PROBLEM TO SOLVE> Which lines below fall between the one containing "本件文物為館藏號2003.0" and the one containing "Rex Farm Corgis"? Repeat them exactly, counting both of those lines, and add nothing else.

DATA>
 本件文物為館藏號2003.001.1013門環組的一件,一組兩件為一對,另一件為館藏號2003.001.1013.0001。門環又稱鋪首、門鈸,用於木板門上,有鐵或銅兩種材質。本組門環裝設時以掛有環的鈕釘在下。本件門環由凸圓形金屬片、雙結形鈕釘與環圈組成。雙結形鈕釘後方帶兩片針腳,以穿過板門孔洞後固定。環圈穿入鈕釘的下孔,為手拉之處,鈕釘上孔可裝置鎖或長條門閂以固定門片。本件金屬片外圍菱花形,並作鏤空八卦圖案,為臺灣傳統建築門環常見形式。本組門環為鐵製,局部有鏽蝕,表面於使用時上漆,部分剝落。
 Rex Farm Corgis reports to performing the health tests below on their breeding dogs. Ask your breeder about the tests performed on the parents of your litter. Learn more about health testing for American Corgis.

==

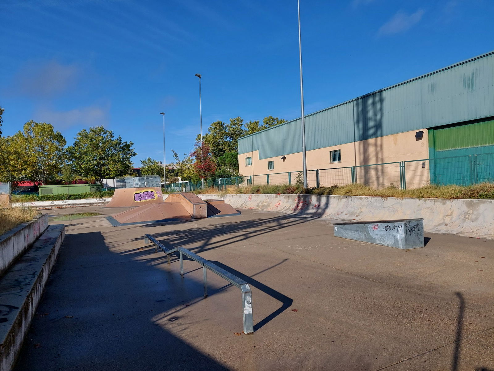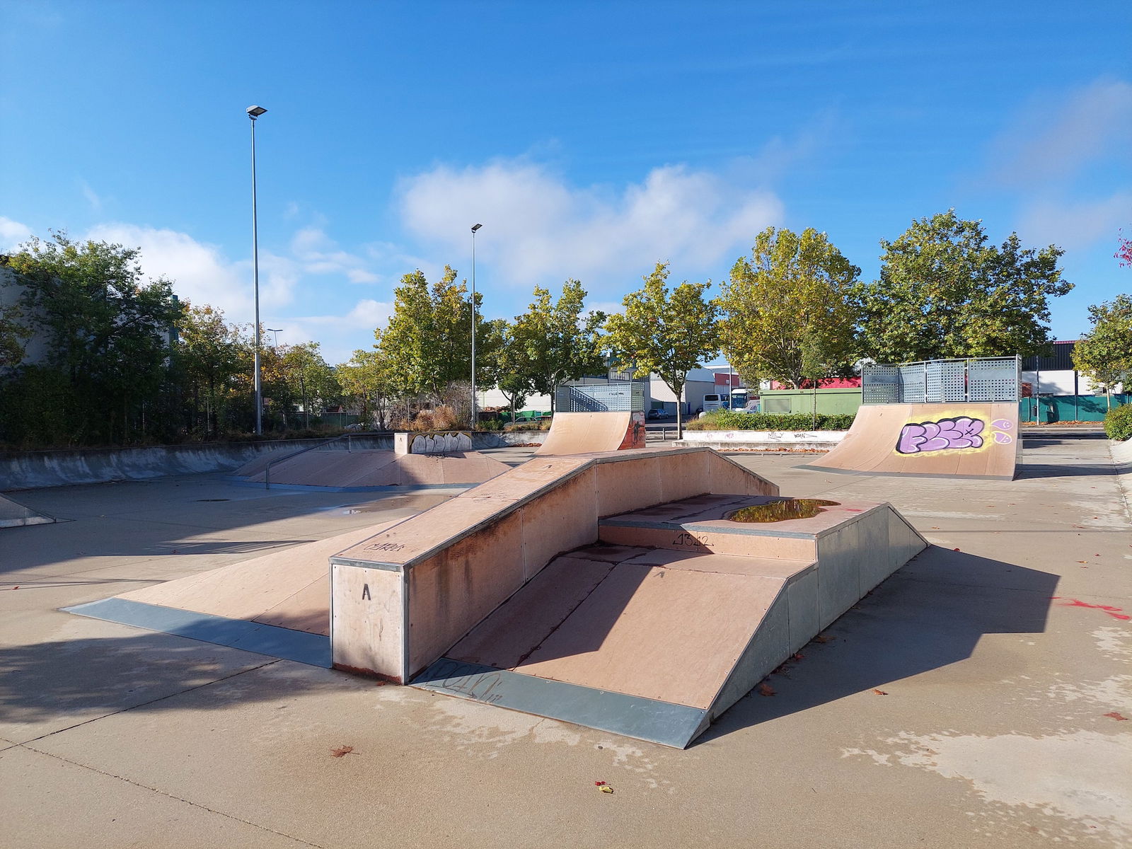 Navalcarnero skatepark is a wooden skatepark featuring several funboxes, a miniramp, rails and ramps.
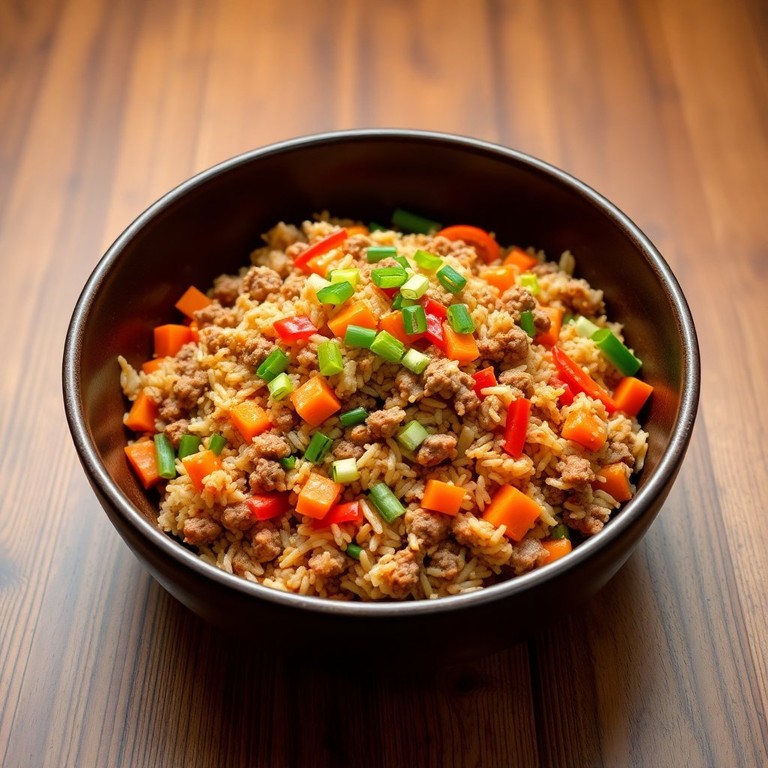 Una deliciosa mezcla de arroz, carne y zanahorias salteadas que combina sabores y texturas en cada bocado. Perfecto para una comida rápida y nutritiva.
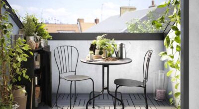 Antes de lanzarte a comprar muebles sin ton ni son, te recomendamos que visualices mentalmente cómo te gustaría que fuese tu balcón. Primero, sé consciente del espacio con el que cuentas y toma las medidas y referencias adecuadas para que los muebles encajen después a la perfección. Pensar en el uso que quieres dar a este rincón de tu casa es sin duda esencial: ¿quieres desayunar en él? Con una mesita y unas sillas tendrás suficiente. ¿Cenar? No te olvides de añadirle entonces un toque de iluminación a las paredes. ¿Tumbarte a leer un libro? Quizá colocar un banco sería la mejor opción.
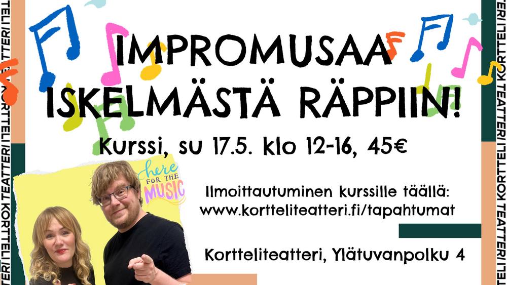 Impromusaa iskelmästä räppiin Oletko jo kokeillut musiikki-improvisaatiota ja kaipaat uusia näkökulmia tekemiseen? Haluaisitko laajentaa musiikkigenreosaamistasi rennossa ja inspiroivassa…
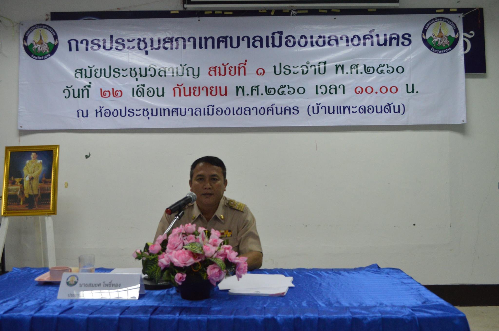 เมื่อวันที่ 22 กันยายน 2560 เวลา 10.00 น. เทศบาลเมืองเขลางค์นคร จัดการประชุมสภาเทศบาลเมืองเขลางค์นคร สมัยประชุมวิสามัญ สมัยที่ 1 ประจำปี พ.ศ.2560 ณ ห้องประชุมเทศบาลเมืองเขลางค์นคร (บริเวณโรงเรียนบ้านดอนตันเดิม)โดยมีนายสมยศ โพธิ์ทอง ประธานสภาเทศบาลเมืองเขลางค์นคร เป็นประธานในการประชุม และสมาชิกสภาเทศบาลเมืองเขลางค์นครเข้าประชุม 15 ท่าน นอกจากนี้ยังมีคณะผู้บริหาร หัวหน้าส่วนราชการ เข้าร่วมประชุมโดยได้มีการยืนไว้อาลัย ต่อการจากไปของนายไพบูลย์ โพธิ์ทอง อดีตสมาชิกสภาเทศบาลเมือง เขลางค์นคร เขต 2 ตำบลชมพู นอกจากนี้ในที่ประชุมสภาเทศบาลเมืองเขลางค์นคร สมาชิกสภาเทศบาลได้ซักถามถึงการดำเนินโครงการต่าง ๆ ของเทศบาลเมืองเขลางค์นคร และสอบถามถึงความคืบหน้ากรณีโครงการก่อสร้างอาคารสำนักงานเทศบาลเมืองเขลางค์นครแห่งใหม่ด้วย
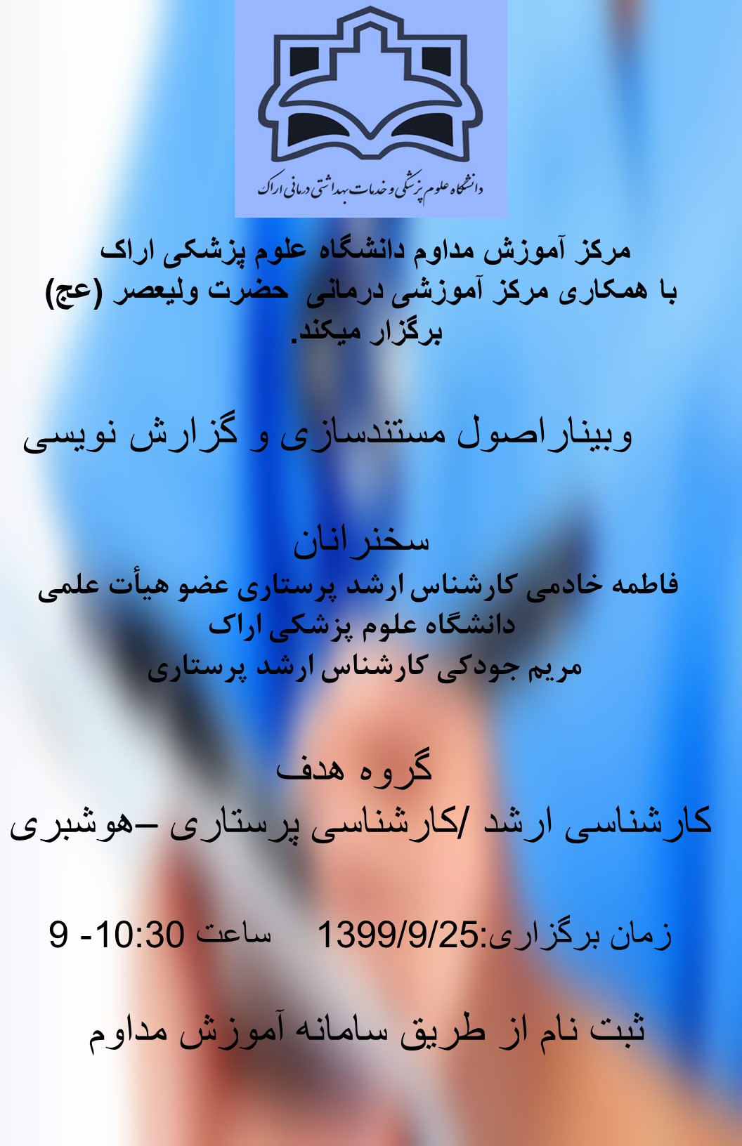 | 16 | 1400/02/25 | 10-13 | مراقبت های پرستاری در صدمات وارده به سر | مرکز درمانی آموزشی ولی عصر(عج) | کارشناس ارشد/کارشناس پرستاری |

OUTPUT OF THE TASK>
 本件文物為館藏號2003.001.1013門環組的一件,一組兩件為一對,另一件為館藏號2003.001.1013.0001。門環又稱鋪首、門鈸,用於木板門上,有鐵或銅兩種材質。本組門環裝設時以掛有環的鈕釘在下。本件門環由凸圓形金屬片、雙結形鈕釘與環圈組成。雙結形鈕釘後方帶兩片針腳,以穿過板門孔洞後固定。環圈穿入鈕釘的下孔,為手拉之處,鈕釘上孔可裝置鎖或長條門閂以固定門片。本件金屬片外圍菱花形,並作鏤空八卦圖案,為臺灣傳統建築門環常見形式。本組門環為鐵製,局部有鏽蝕,表面於使用時上漆,部分剝落。
 Rex Farm Corgis reports to performing the health tests below on their breeding dogs. Ask your breeder about the tests performed on the parents of your litter. Learn more about health testing for American Corgis.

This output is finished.